Reporting on results from a late-stage trial, Vertex said today that Kalydeco (ivacaftor) failed to meet its primary endpoint—significant improvement in lung function from baseline—among a subset of patients with the rare disease cystic fibrosis (CF).
The trial was designed to make a case for expanding the drug into patients with the gene mutation R117H, which accounts for 1,100 worldwide patients, according to ISI Group analyst Mark Schoenebaum. It’s already approved to treat those with a different gene mutation.
While Kalydeco CF patients 6 and older with the R117H mutation did not show a significant improvement in lung function, patients 18 and over with more advanced disease did. That positive data will be discussed with regulators early next year as a potential sNDA, the company said.

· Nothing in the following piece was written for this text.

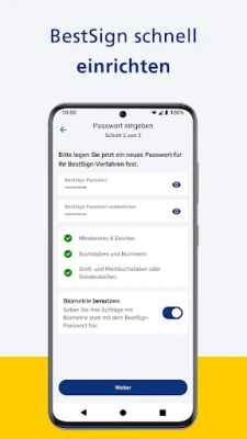Postbank BestSign-App je speciální aplikace pro bezpečné schvalování transakcí v online bankovnictví. Zahrnuje výhradně bezpečnostní postup BestSign. Po jednorázovém nastavení a aktivaci je BestSign připraven k použití pro všechna vaše potvrzení.

“While we are disappointed that the study in people with the R117H mutation did not meet its primary endpoint, we are encouraged by the significant improvements in lung function and other measures of CF observed in the subset of patients ages 18 and older who had established lung disease,” Robert Kauffman, MD, PhD, SVP and chief medical officer at Vertex, said in a statement. “We look forward to meeting with the FDA early next year to discuss these data with the goal of bringing ivacaftor to additional people with CF who may benefit from treatment.”
Other Phase III trials are testing Kalydeco in F508del mutations, which account for 66%-70% of worldwide CF patients, the analyst said. Results from these trials, called TRAFFIC and TRANSPORT, are expected to be released in 2014.